DATASET SECTION:
____________

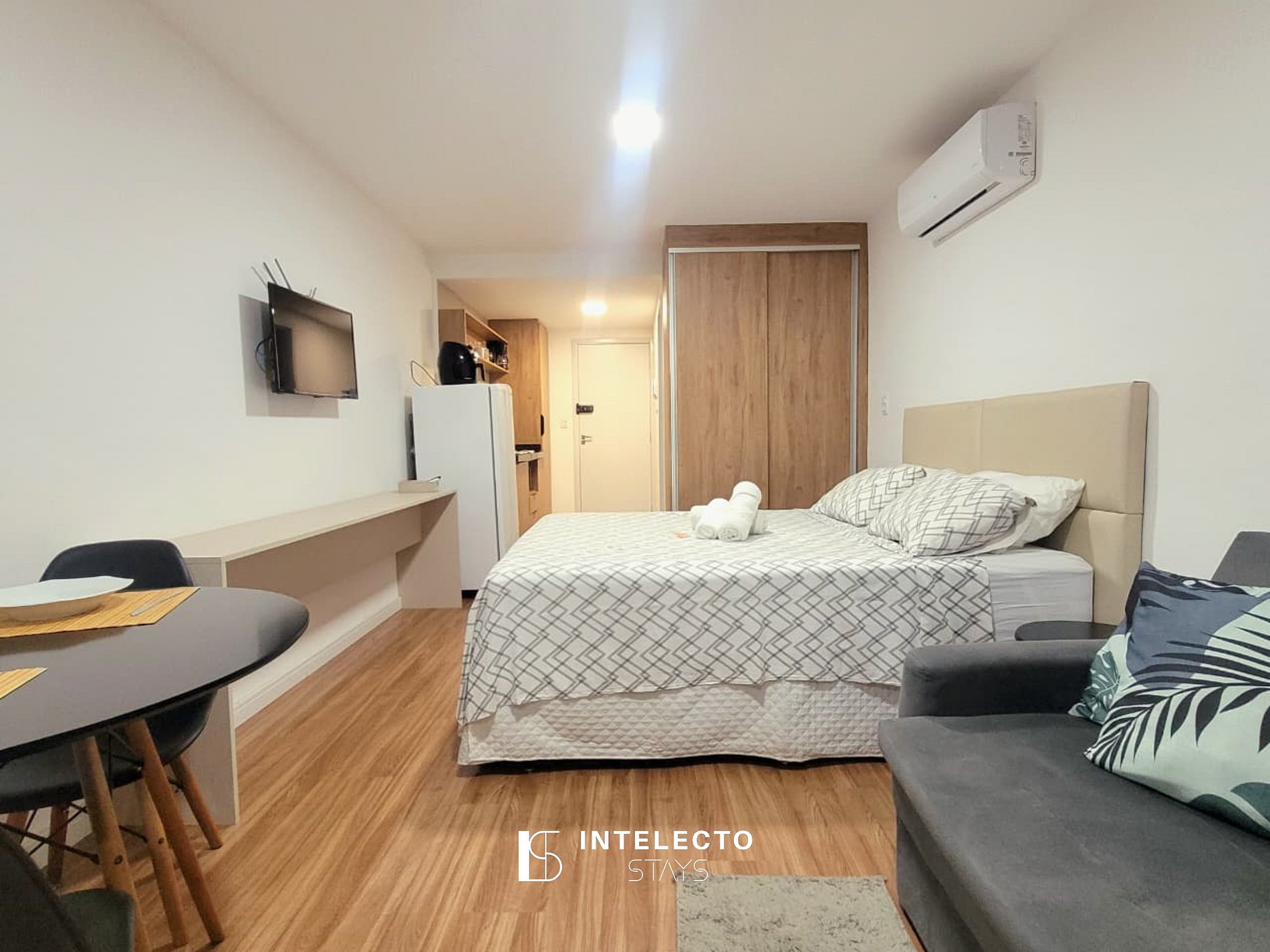 - Espaços integrados (quarto com cama queen e sala de estar com sofá-cama) com armários e guarda-roupas planejados
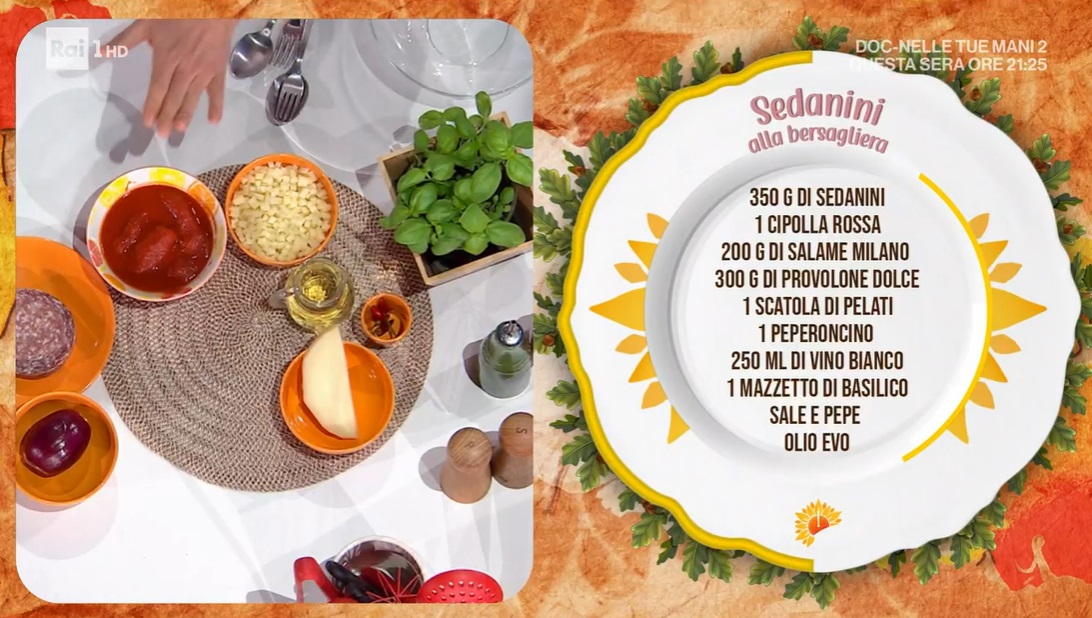 - 350 g sedanini, 1 cipolla rossa, 200 g salame milano, 300 g provolone dolce, 1 scatola di pelati, 1 peperoncino, 250 ml vino bianco, 1 mazzetto di basilico, sale e pepe, olio evo
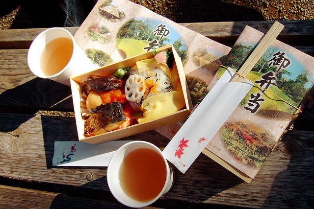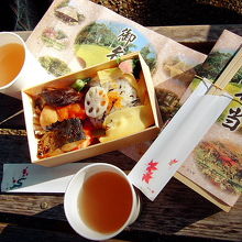 売店をのぞいてみたら、御弁当をみつけ、売店の方に聞いてみると、 ”(小石川後楽園内入口近く、売店前の)「涵徳亭」さんの御弁当だから美味しいよ” とのこと。 結局、この御弁当を購入し、園内で紅葉を見ながら頂きました。

____________

YOUR GOAL: Would you print all of the material exactly as written, minus the pictures?

EXERCISE RESPONSE:
 - Espaços integrados (quarto com cama queen e sala de estar com sofá-cama) com armários e guarda-roupas planejados
 - 350 g sedanini, 1 cipolla rossa, 200 g salame milano, 300 g provolone dolce, 1 scatola di pelati, 1 peperoncino, 250 ml vino bianco, 1 mazzetto di basilico, sale e pepe, olio evo
 売店をのぞいてみたら、御弁当をみつけ、売店の方に聞いてみると、 ”(小石川後楽園内入口近く、売店前の)「涵徳亭」さんの御弁当だから美味しいよ” とのこと。 結局、この御弁当を購入し、園内で紅葉を見ながら頂きました。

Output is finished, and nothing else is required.